Мы мудреем, задавая вопросы, и даже если не получаем ответа, мудреем все равно: у складного вопроса ответ едет на закорках, как раковина у улитки. Фюн задавал всякий вопрос, какой только приходил на ум, а его наставник — поэт и почтенный человек — на все отвечал, и не в меру терпения своего, ибо терпение его было безмерно, а в меру способностей.
— Почему живешь ты на берегу реки? — Таков был один вопрос.
— Потому что стих есть откровение, и лишь у кромки бегущей воды поэзия открывается уму.
— Сколько ты здесь? — Следующий вопрос.
— Семь лет, — ответил поэт.
— Долгое это время, — задумчиво произнес Фюн.
— Ради стиха я бы ждал и вдвое дольше, — сказал невозмутимый бард.
— Наловил ли хороших стихов? — спросил Фюн.

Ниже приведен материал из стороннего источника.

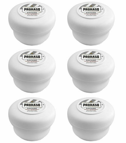 6pz PRORASO SAPONE DA BARBA in ciotola PELLI SENSIBILI anti-irritazione 150ml

— Наловил тех, каким сам гожусь, — ответил добрый учитель. — Никому не по силам поймать больше этого, ибо готовность человека — мера его.
— Так же хорош ли твой улов стихов подле Шаннона, Шура или у милой Ан-Лифи?
— Все это славные реки. — Таков был ответ. — Все они — при славных богах.
— Но почему выбрал ты эту реку из всех?
Финегас улыбнулся ученику.
— Что хочешь тебе расскажу, — отозвался он, — расскажу и про это.
Фюн сел у ног доброго учителя, руки его рассеянно перебирали высокую траву, и слушал он, развесив уши.
— Было мне предречение, — начал Финегас. — Один многомудрый предсказал мне, что выловлю я Лосося Знания23 в водах Бойн.
— И что тогда? — увлеченно спросил Фюн.
— Тогда я обрету Полное Знание.
— А дальше? — не унимался юнец.
— Что же может быть дальше? — отбрил поэт.